移転しました。https://www.madisons.jp/murder/text2/harvey_julian.html

 

ジュリアン・ハーヴェイ
Julian Harvey (アメリカ)



救出されたテリー・ジョー

 1961年11月、ウィスコンシン州在住の眼鏡商、アーサー・デュペラルトはフロリダキーズからバハマまでのヨットの旅に出掛けた。連れは妻のメアリーと長男のブライアン(14)、長女のテリー・ジョー(11)、そして次女のレニー(7)の4人である。操縦者はジュリアン・ハーヴェイ。元空軍中佐のこの男は、地元では名の知れたヨットマンだった。その妻のメアリーも助手として搭乗していた。

 彼らを乗せた「ブルーベル号」は11月8日にフォート・ローダーデイルを出帆した。気候は穏やかだった。船旅には持って来いだ。ところが、彼らがバハマに到着することはなかった。
 11月13日、プエルトリコへと向かうタンカーの搭乗員が海に浮かぶ救命ボートを見つけた。男が手を振っている。ジュリアン・ハーヴェイだった。
「助けてくれ! 子供が死んでいるんだ!」
 その傍らにはレニーの遺体が横たわっていた。

 救助されたハーヴェイは事のあらましをこのように語った。
「火の手が上がったんだ。原因は判らない。その勢いは凄まじくて、妻や乗客を助ける余裕はなかった。自分一人が生き延びるので精一杯だったんだ。ボートの上でヨットが沈むのを呆然と眺めていると、女の子が浮かんで来た。この子だけでもなんとかと思ったが、既に息をしていなかった」
 寄港先のナッソーで海上保安員の尋問を受けたが、特に怪しい点は見当たらない。

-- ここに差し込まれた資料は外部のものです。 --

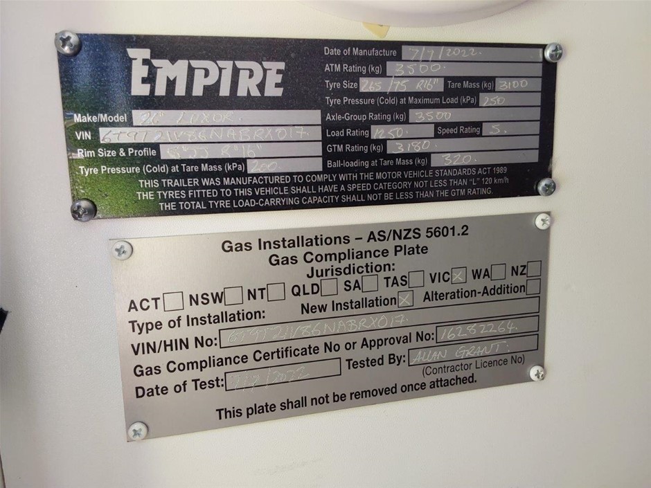 | Part of Sale | 2020 EMPIRE LUXOR CARAVAN | ||||||||||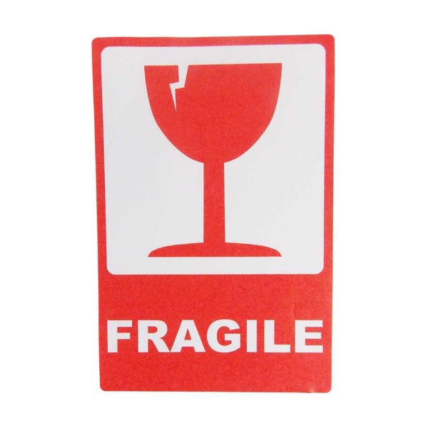 Samolepiace prepravné etikety s označením FRAGILE (v preklade „krehké“ alebo „rozbitné“) slúžia na viditeľné označenie zásielok, ktoré vyžadujú opatrné zaobchádzanie počas prepravy. Výrazný symbol červeného pohára jasne upozorňuje dopravcov aj skladníkov na krehký obsah balíka.

地元ではよく知られた男だし、故意に船を沈めたとは思えない。彼はマイアミに帰還することを許可された。
 このまま何事もなければ、海難事故の一つとして記憶されるに留まったことだろう。

 事態が急展開したのは3日後のことである。
 11月16日、ヒューストンへと向かう貨物船の搭乗員が海に漂う筏を見つけた。その上では少女がぐったりとしていた。テリー・ジョーだった。
 ヘリコプターでマイアミの救急病院に運ばれた彼女は、一命は取り留めたものの衰弱が酷く、まだ話せる状態ではなかった。
 マイアミに舞い戻ったハーヴェィは、テリー・ジョーが救出された旨を知らされた。その時の彼の言葉は、
「Oh my God!」

 嬉しい時に使わないこともないが、どちらかというと困った時に使う言葉である。しまったと思ったのか、その後に慌てて付け足した。
「Isn't that wonderful !」
 翌朝、彼の遺体がホテルの部屋で発見された。自殺だった。剃刀で手首と喉を掻き切ったのだ。遺書にはこのように書かれていた。
「もう疲れた。これ以上耐えられない」

 やがて回復したテリー・ジョーが語った真相はこうだ。
「私は兄の悲鳴で目覚めました。隣の部屋では母と兄が血みどろで倒れていました。びっくりしてデッキに駆け上がろうとすると、ハーヴェイに突き落とされました。やがてヨットが沈んでいることに気づきました。ハーヴェイは自分だけ救命ボートに乗って逃げ出そうとしていました。私は彼にバレないように筏まで走り、辛うじて助かりました」

 すべてがハーヴェイの仕業だとして、その動機はいったい何だったのか? 彼の身辺を洗った警察は、妻のメアリーに多額の生命保険が掛けられていたことを突き止めた。これが動機だったとすれば身の毛がよだつ思いがする。妻一人を殺害するために無関係な一家を巻き込んだのだから。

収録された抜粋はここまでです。